Every line below must be copied as written, except for pictures.
= = = =
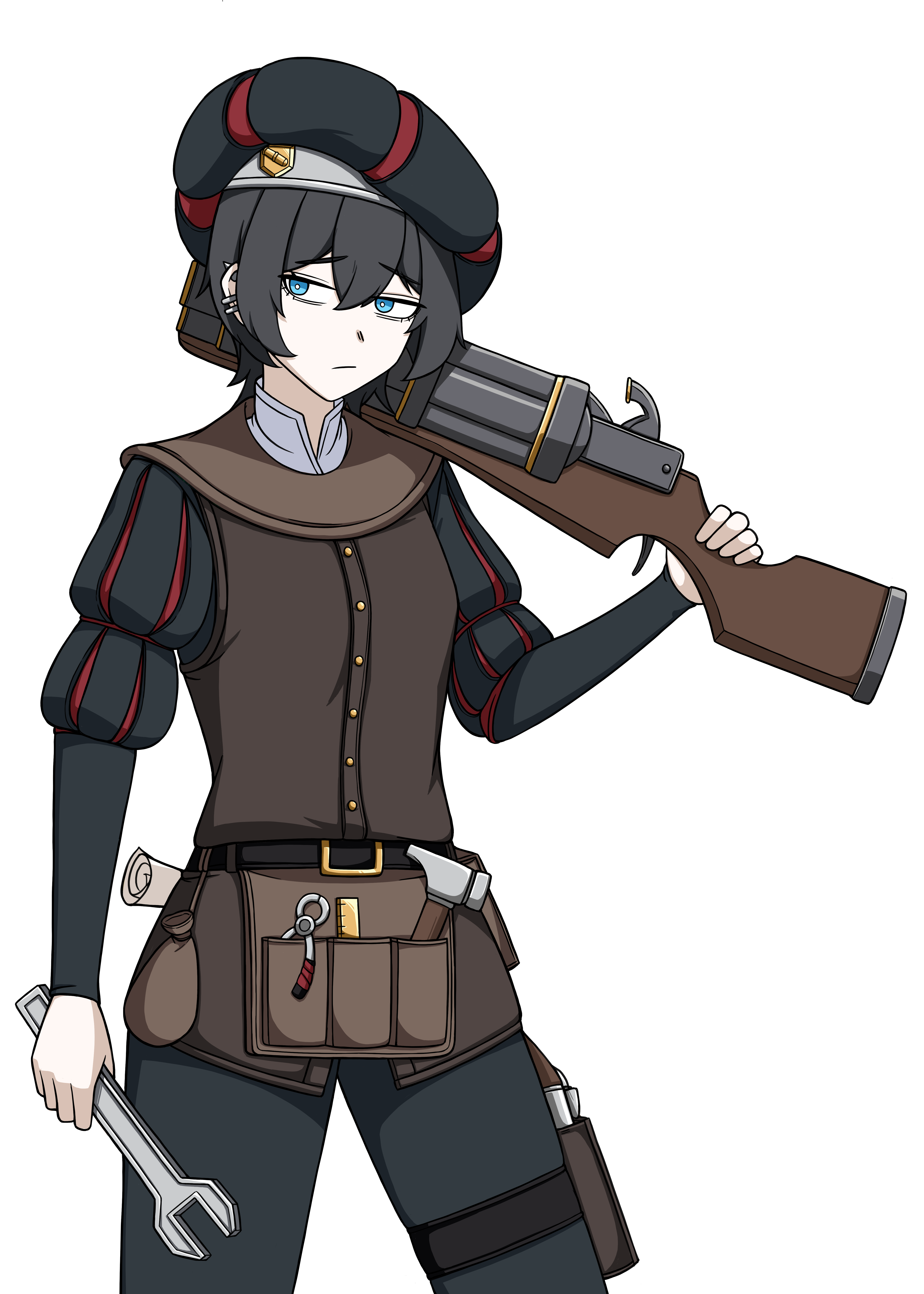 1girlantique firearmblack hairblack pantsblue eyesbrown haircometear piercingempire (warhammer fantasy)firearmfirelockflintlockgrey eyesgunhammerhatholdingholding wrenchholsterlandsknechtlong sleevesmp sgmulticolored hatpantspiercingshort hairsolothigh holstertomboytomboy nuln mercenary (mp sg)toolsweaponwhite backgroundwrench
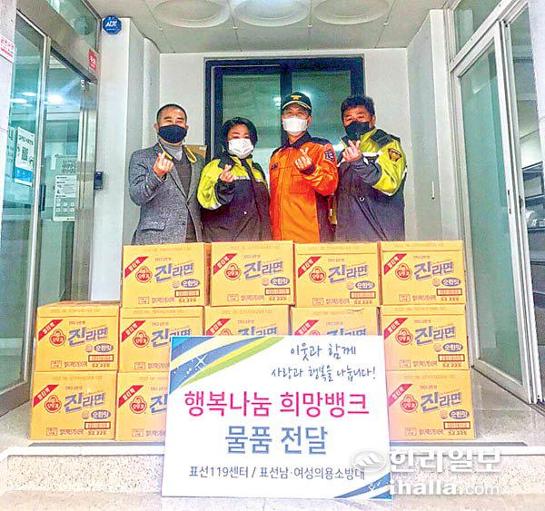 표선119센터 남·여성의용소방대(대장 강상부·고봉숙)는 지난 21일 지역 내 어려운 이웃에게 전달해 달라며 행복나눔 희망뱅크에 라면 15박스(40만원 상당)를 기탁했다.
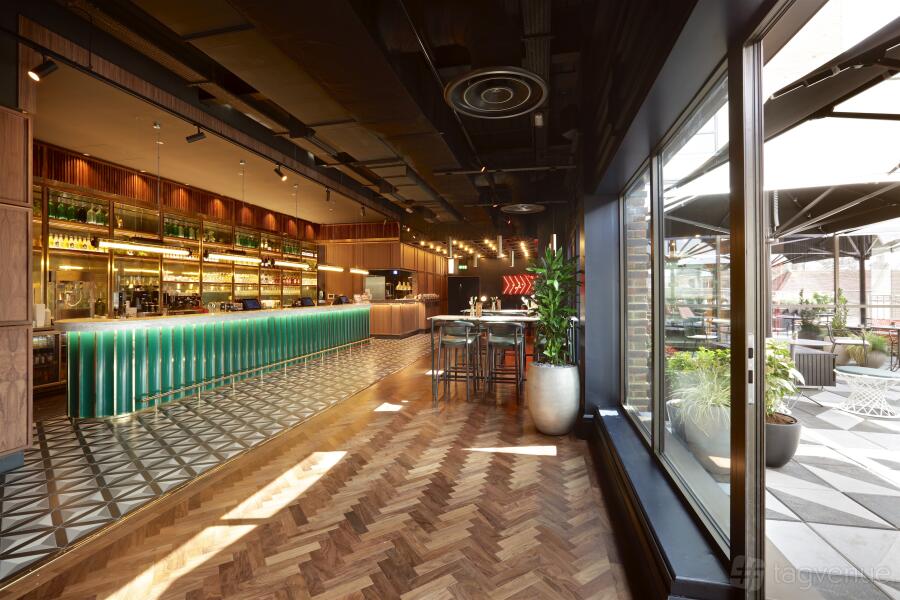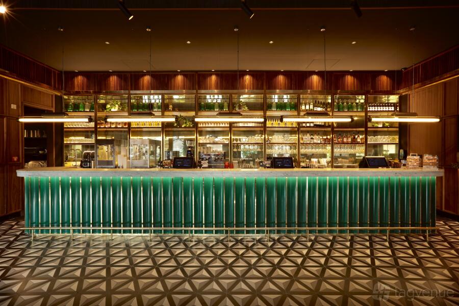 On the first floor, the grand bar and lounge area are divided into cozy sections with unique characters. Guests can watch the semi-open kitchen, clad in rich walnut while enjoying a Spielburger. The covered terrace offers a relaxing spot with views of Piries Place Plaza.
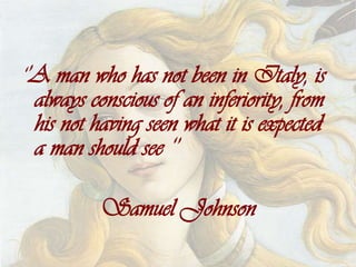 The document provides a comprehensive overview of Italy, including its geography, population, political structure, economy, language, and notable historical figures. It highlights the country's rich cultural history, from its ancient Roman roots to its contributions in art and science, as well as its culinary significance with dishes like pasta and pizza. Additionally, it emphasizes Italy's unique regional characteristics and the importance of its national identity.
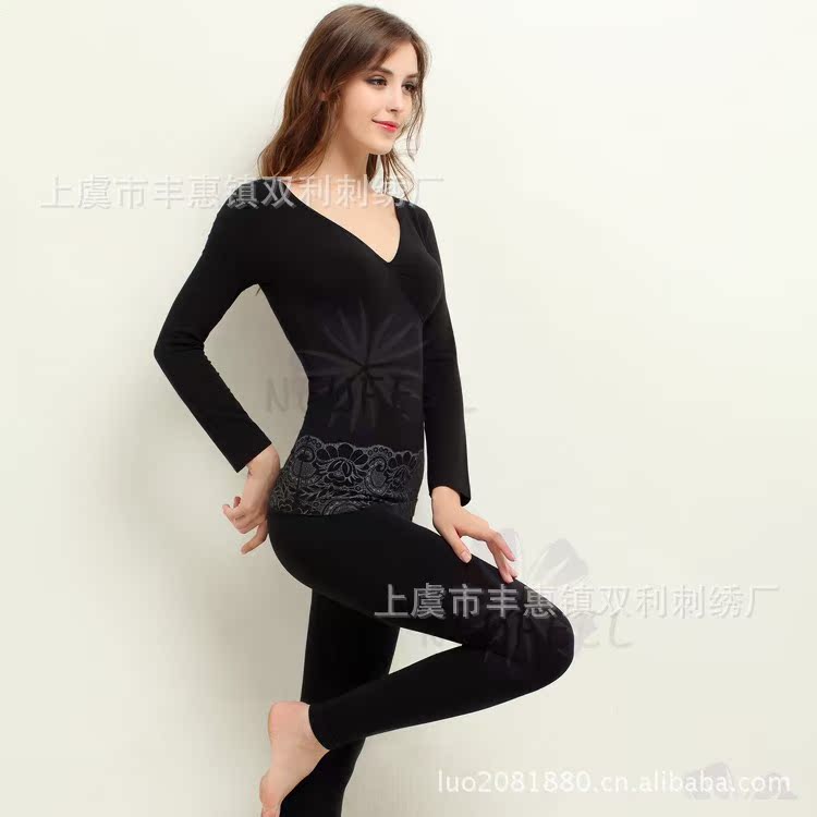 廠傢供應正品秋冬新款保暖內衣套裝 美體加厚V領印花女式內衣套裝
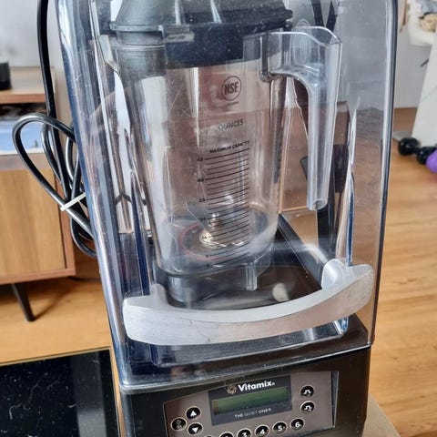 Profesjonell blender konstruert for bruk i kafé, restaurant eller annet serveringsmiljø. Maskinen har integrert støykasse rundt kannen for å redusere lydnivå under bruk. Kannen er gjennomsiktig med tydelige målemarkeringer og lokk med åpning for påfylling. Betjeningspanelet i front har display og knapper for ulike programmer og hastigheter.
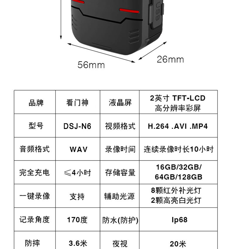 7.電池:設備采用內(nèi)置不可更換電池,設備連續(xù)錄像≥8.6小時。
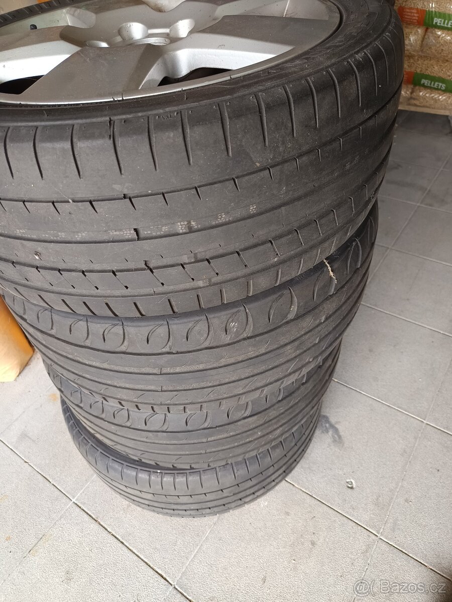 Nabízím originální kola s pneu , pasují na Superb, Passat i Octavii, vzorek 4-5 mm, 225/45-5x112, kola mají kosmetické vady (proto ta cena), ale nebyly nikdy svařované či ,,trefenné,, a podobně
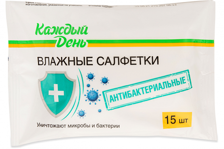 Влажные салфетки Каждый день антибактериальные, 15 шт доставка
= = = =
ANSWER AREA —
 1girlantique firearmblack hairblack pantsblue eyesbrown haircometear piercingempire (warhammer fantasy)firearmfirelockflintlockgrey eyesgunhammerhatholdingholding wrenchholsterlandsknechtlong sleevesmp sgmulticolored hatpantspiercingshort hairsolothigh holstertomboytomboy nuln mercenary (mp sg)toolsweaponwhite backgroundwrench
 표선119센터 남·여성의용소방대(대장 강상부·고봉숙)는 지난 21일 지역 내 어려운 이웃에게 전달해 달라며 행복나눔 희망뱅크에 라면 15박스(40만원 상당)를 기탁했다.
 On the first floor, the grand bar and lounge area are divided into cozy sections with unique characters. Guests can watch the semi-open kitchen, clad in rich walnut while enjoying a Spielburger. The covered terrace offers a relaxing spot with views of Piries Place Plaza.
 The document provides a comprehensive overview of Italy, including its geography, population, political structure, economy, language, and notable historical figures. It highlights the country's rich cultural history, from its ancient Roman roots to its contributions in art and science, as well as its culinary significance with dishes like pasta and pizza. Additionally, it emphasizes Italy's unique regional characteristics and the importance of its national identity.
 廠傢供應正品秋冬新款保暖內衣套裝 美體加厚V領印花女式內衣套裝
 Profesjonell blender konstruert for bruk i kafé, restaurant eller annet serveringsmiljø. Maskinen har integrert støykasse rundt kannen for å redusere lydnivå under bruk. Kannen er gjennomsiktig med tydelige målemarkeringer og lokk med åpning for påfylling. Betjeningspanelet i front har display og knapper for ulike programmer og hastigheter.
 7.電池:設備采用內(nèi)置不可更換電池,設備連續(xù)錄像≥8.6小時。
 Nabízím originální kola s pneu , pasují na Superb, Passat i Octavii, vzorek 4-5 mm, 225/45-5x112, kola mají kosmetické vady (proto ta cena), ale nebyly nikdy svařované či ,,trefenné,, a podobně
 Влажные салфетки Каждый день антибактериальные, 15 шт доставка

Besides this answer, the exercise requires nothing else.